Because discovery efforts generate more candidates (100s–1000s) than there are available resources for follow up, an ill-defined prioritization step ensues. Often, candidates that show the most significant differences between cases and controls in discovery datasets are prioritized, without any information as to whether these may be the most useful analytes for clinical decision making. For example, many such candidates are a part of a generalized inflammatory response, and as individual clinical markers these are of very little diagnostic use due to their lack of specificity .
Proteins discovered in diseased tissues and predicted to be secreted or on the cell surface (based on the presence of a signal sequence, or N-linked glycosylation site) are often given priority based on the assumption that they might have greater access to plasma . A better understanding of the biology of plasma biomarkers would help us develop meaningful criteria for prioritizing candidates. For example, what are the predominant modes by which cellular proteins from diseased tissues access the plasma?
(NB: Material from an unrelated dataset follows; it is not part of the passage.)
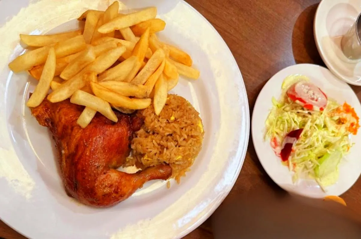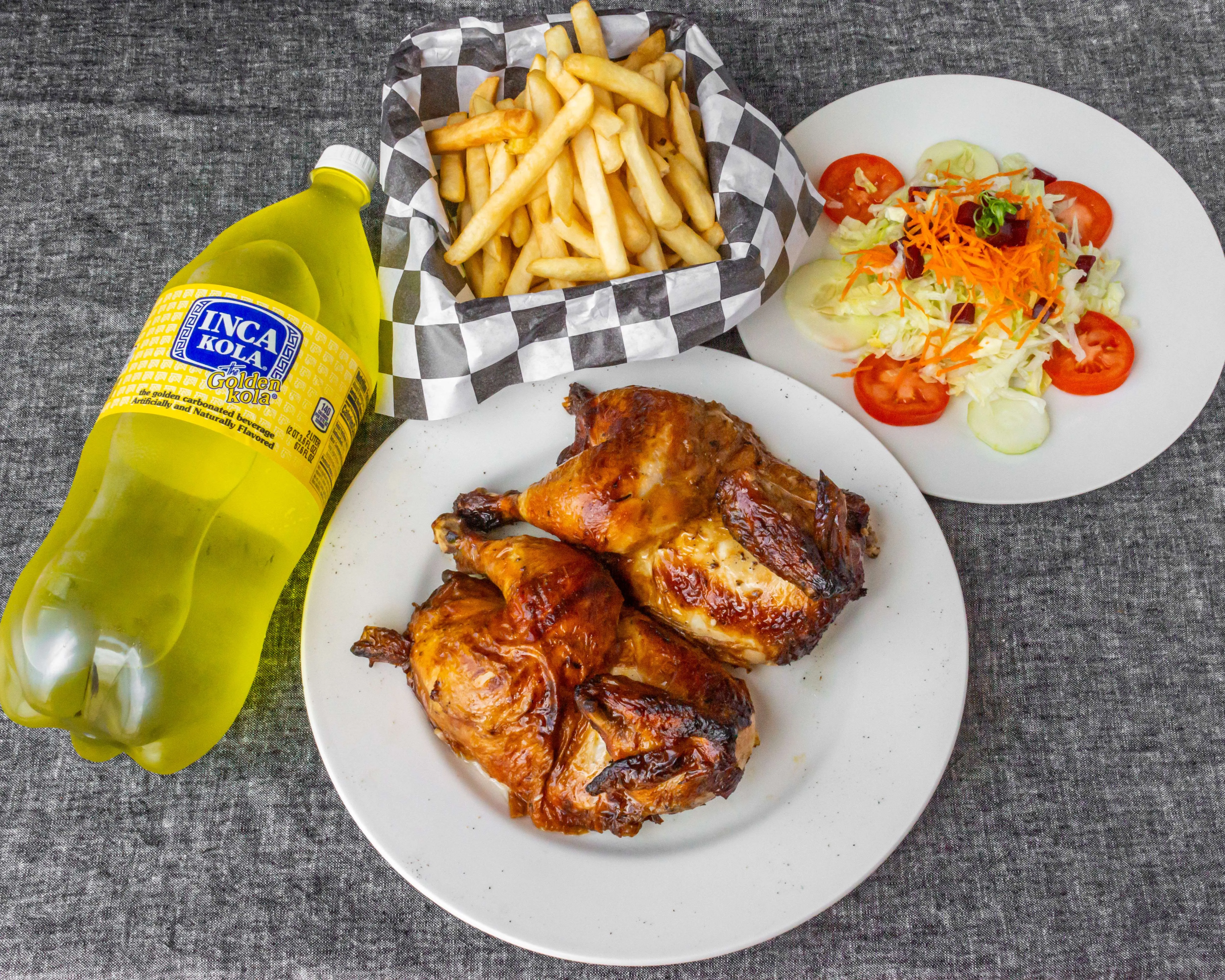 Whole Rotisserie Chicken, French Fries, Salad and 2 liters Inca kola.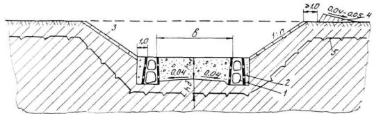 грунтов на участке водопропускной трубы 1 при высоте насыпи менее 5.28. В пределах концевых участков выемки, сложенных глинистыми или пучинистыми крупнообломочными грунтами с глинистым заполнителем, а также низких насыпей на подходах к выемкам, следует предусматривать вырезку пучинистых грунтов основания (рис. 12). Длину участка сопряжения выемки с насыпью в этом случае можно определять по формуле (24). 5.29. Основную площадку выемок в скальных легковыветривающихся породах (аргиллитах, алевролитах, сланцах и др.), переходящих в результате выветривания в глинистые грунты, следует проектировать с заменой этих пород, учитывая их свойства после выветривания. При этом толщину зоны выветривания рекомендуется принимать равной 0,75 глубины сезонного промерзания от верха балластной призмы. 5.30. Полувыемки-полунасыпи в пучиноопасных грунтах, создающих особо резкую неоднородность мерзлотно-грун-товых условий по поперечному сечению, проектировать не рекомендуется. Более целесообразными в таких случаях являются выемки с заменой пучинистых грунтов основания дренирующими (рис. 13). Рис. 9. Схема мелкой выемки в пучинистых грунтах с разработкой ее под насыпь: hQC - расчетная величина осадки вечномерзлого грунта основания при формировании деятельного слоя 1 Рис. 10. Схема глубокой выемки в пучинистых грунтах: 1 - железобетонная рама лотка; 2 - железобетонные плиты с отверстиями; 3 - укрепление откосов; 4 - банкет из местного грунта; 5 - поверхность вечномерзлого грунта Рис. 11. Схема выемки в

Should we be focused on proteins predicted to be secreted, based on the abundance of secreted proteins amongst the known plasma proteome , or does this rule not apply for proteins not in plasma by design, but rather leaked or shed from diseased tissue? Alternatively, an additional targeted proteomics step such as dynamic inclusion [30, 31] or multiple reaction monitoring (MRM) MS  can be used as an empirical prioritization step to test selected biomarker candidates to determine if they can be detected in plasma.
Other times prioritization is done based on a biological hypothesis. For example, proteins acting in cellular pathways known or hypothesized to be deregulated in the diseased state are targeted for testing. Although there are examples of success using this approach , our biological knowledge base is far too incomplete to rely entirely on this method for prioritizing candidates. In this sense it will likely be of use to use gene expression and protein interaction network analyses based on genomics data to refine candidate lists [34, 35] by selecting candidates from neighborhoods of interest within the network.
To improve our success rate of moving candidate biomarkers successfully into clinical use, we must accommodate the harsh reality described above wherein even if our discovery efforts are honed to perfection, many candidates (perhaps the majority) will still not meet the high bar of clinical validation. In other words, despite our best efforts, it is highly likely that the majority of protein biomarker candidates will ultimately fail as useful clinical biomarkers. Hence, to succeed, we must develop a staged pipeline that incorporates a verification step that allows us to test (in pilot studies) the maximal number of candidates with highest possible throughput and lowest possible cost to ensure even a few successes .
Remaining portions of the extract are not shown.